と、いうことは。
「こっ、これでも綺麗になった方で……」
「……」
「わっ、わたしがやったの! 頼んだけど、結果的にわたしがやったようなものだから!」
「うん。大丈夫。別にチカにも怒ってないから」
どうやら探し物というのはデータではないよう。パソコンを立ち上げた様子もないし、その辺に散らばってしまったUSBやマイクロチップが目的のものではないようだ。あーよかった。
でも、そもそも彼女の探し物というのは一体何だろうか。しかも、何故それがオレの部屋の中にあるのだろう。
「何探してたの? 結局見つかった?」
「え? ……えへへ。内緒!」
「内緒? あ、わかった。下着でしょ。忘れて帰ったのを探してたんだ。でも、悪いけど流石に彼女の下着隠し持っとく趣味はないよ」
「違うよ。誰もそんなこと思ってないよ」
「じゃあなんで?」
「ふふっ。これは、お持て成しだから。絶対言わないの」
部屋こんなにしといて。
そんな視線で訴えてみるけれど、嬉しそうにしてるから、まあいいや。
「じゃあ片付けよう」
「一応、他のお部屋は綺麗にしといたよ?」
「うん。でもさ、あおい忙しくてなかなか叶えてあげられなかったし」
「ん?」
近くに落ちているアルバムを拾い、広げてみせる。
「時間があるなら、昔のこと懐かしむのもいいかなって」
「……! うんっ!」
それに、落ち込んでる顔よりも、好きなものを見て嬉しそうに顔を綻ばせてるあんたを、今オレは一番見たいんだ。
やり始めたら止まらないことはよくよく知っているので。ある程度片付けた辺りで、「もうこの辺にしとこう。続きはまた」とアルバムをちらつかせ、半ば無理矢理切り上げさせた。初めはムスッとした顔で納得してくれなかった彼女も、アルバム三冊くらい開いたらもう誘惑に負けた。

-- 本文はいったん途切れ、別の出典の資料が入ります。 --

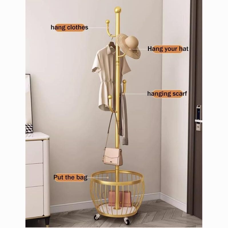 Convenient storage: The coat rack has good accommodation and can stack multiple clothes at the same time and hang them vertically to make full use of space and rationally use every inch of space. The hollow storage basket at the bottom is convenient for storing clothes and can also be used as a storage basket for dirty clothes.
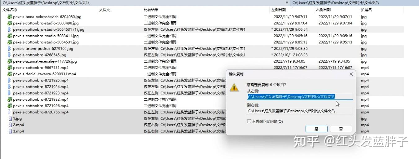 也可以将仅在右侧的文件复制到左侧,非常的灵活,调整后再次对比,发现文件完全相同。
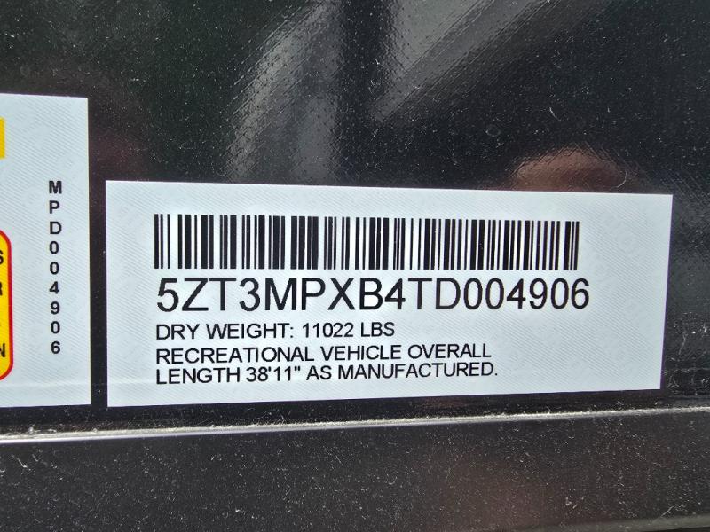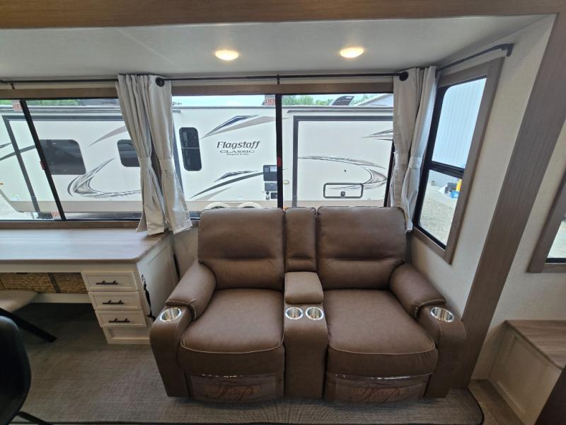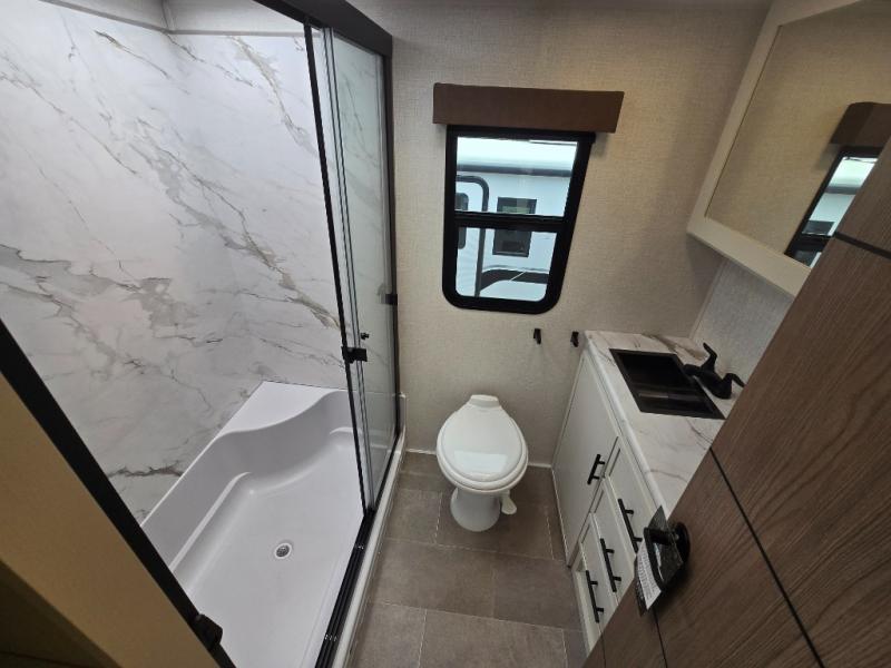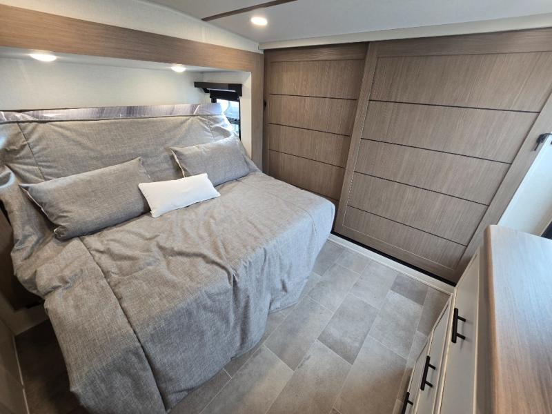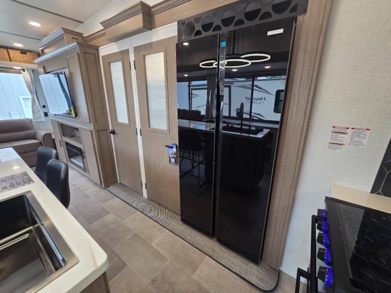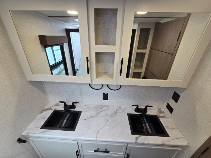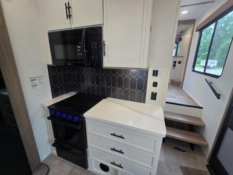 Step inside this luxurious fifth wheel that can sleep five each night! The rear tri-fold hide-a-bed sofa and theater seating provide a relaxing evening by the entertainment center with a 55" TV. Next to the entertainment center is a hidden door with cabinets and 16 cu. ft. 12V refrigerator, and a 36" x 74" flip-down bunk with storage. The kitchen has plenty of countertop space to prepare your best home cooked meals and an island with four bar stools to enjoy your meals. You also have a desk with storage to get some work done if needed. As you walk up the floating steps, you will notice the full bathroom to your left with a walk-in shower with a skylight for added natural lighting and a dual sink vanity for two to get ready at once. The front private bedroom has a king bed with Versa Tilt technology slide, a dresser next to a bench and a front wardrobe that is prepped for a washer and dryer!
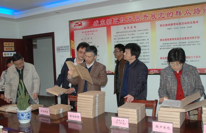 图为检查组成员在城东新区红光村兴致勃勃阅看该村五六十年代的历史档案
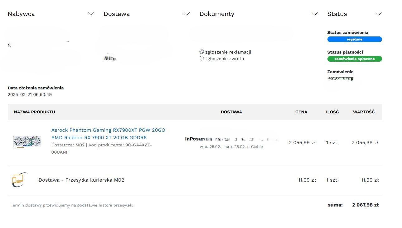Nie ma to jak zapach nowej karty przed obiadem :E. Dotarła 7900xt, chyba funkiel. Folia antystatyczna pięknie zalakowana :). Więc będzie czekane aż ceny spadną nowszych kart :). Czyli można przyjąć, że kupiłem 9070 za niecałe 2100zl
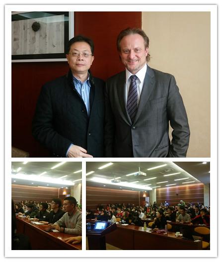 讲座吸引了来自管理学院,经济学院,生命科学学院,计算机学院,机自学院,国交学院等全校各个院系100多名中外老师和学生。思源厅内座无虚席,场面热烈。艾德铭教授介绍新的技术转移法将带领更多的中国科学研究走向创新产品,研究机构也需要更快更有效地建立和执行相应的制度规则。然后艾德铭博士以HFMD的案例分享了他自己的技术转移经验。他表示他在产业界的经验是促使他去设计药品探索计划的关键,因为只有这样才能有动力去发现市场和公司的需,据此来开发产品。学术研究中的目的往往于此背离。有必要在这两个彼此脱节的领域建立有机的联系来创造创新的引擎。
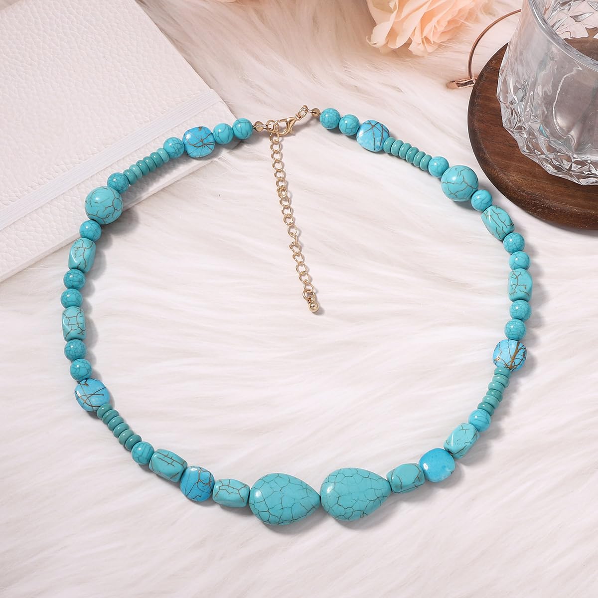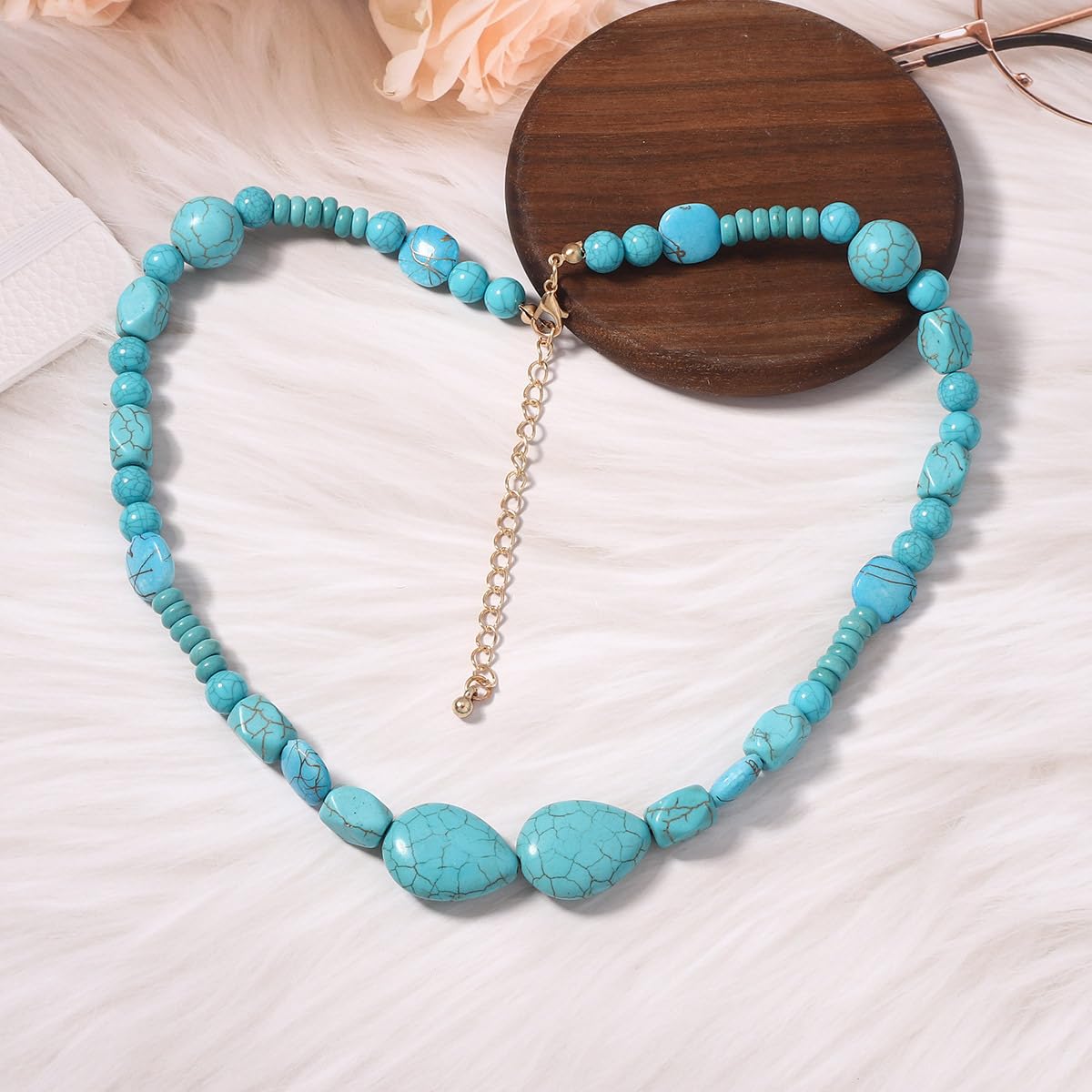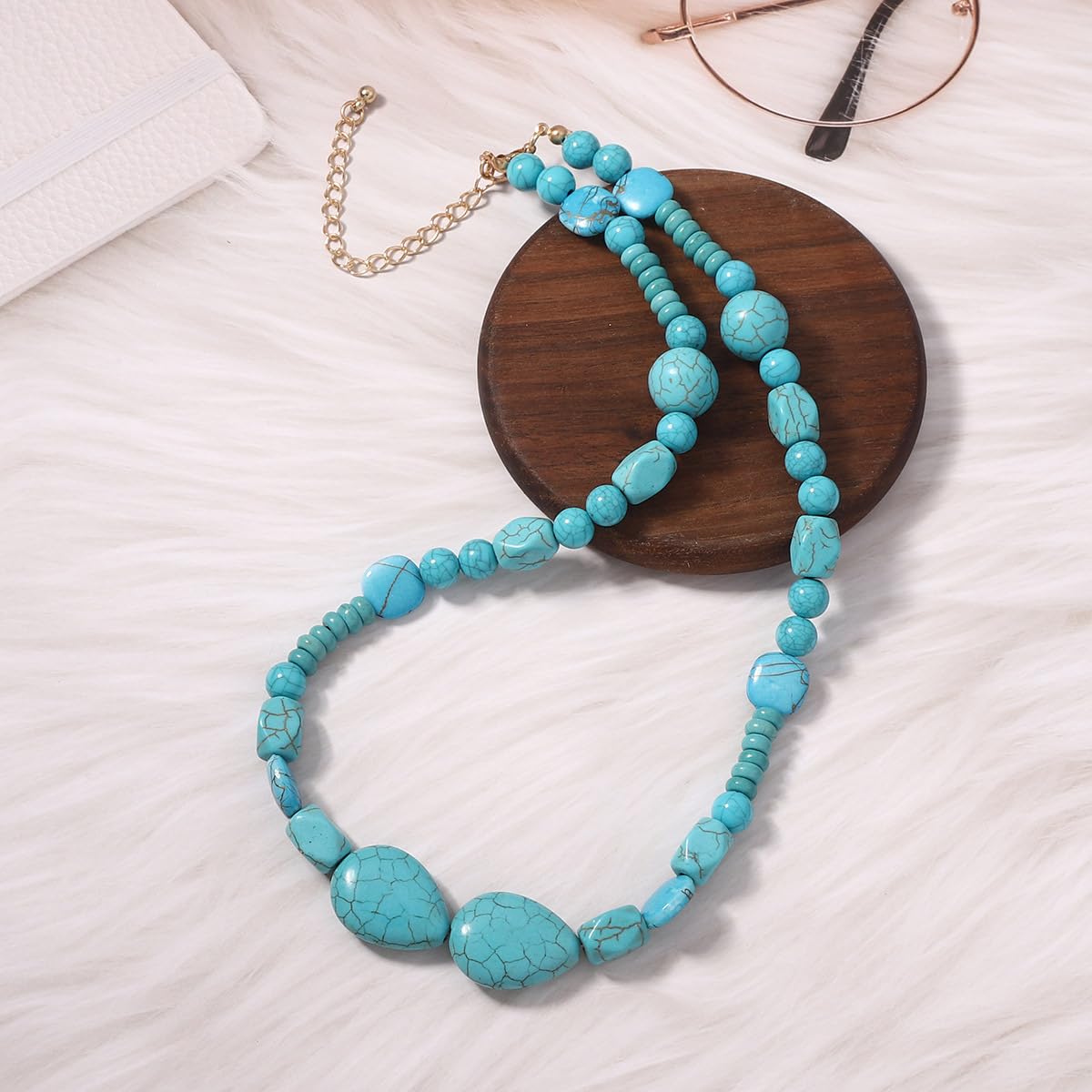 Rockyu ターコイズ天然石ネックレス レディース ビーズデザイン 調整可能 46cm+7cm

それからしばらくは二人、ベッドの中で思い出に浸っていたのだけれど。
「……眠いの?」
「ん? ううん」
それも終わったのは、日付が変わって少し過ぎた頃。彼女の指がオレの髪の毛に伸びてきて、何がそんなに楽しいのか、嬉しそうにしながら毛先を弄び始めていた。
「……もう見ないの?」
「んー。……ふふっ」
開いたままのアルバムには目もくれず。下から見上げてくる彼女はただつんつんと、楽しそうに髪の毛だったり、ほっぺたを触ってくるばかり。
ふわふわと、どこか眠そうにはしている。けれど、触れてくる手はしっかりしているどころか寧ろ何かを訴えているようで。
「あーおい」
彼女が訴えかけてくる何かが、オレと一緒のものかどうか、ハッキリとはわからない。それに、可愛い彼女をもう少し見ていたいのもあって、様子を見ながらオレも彼女と同様、枕にほっぺたをくっつけた。
同じように毛先を弄って遊んで。同じように頬を突っついて。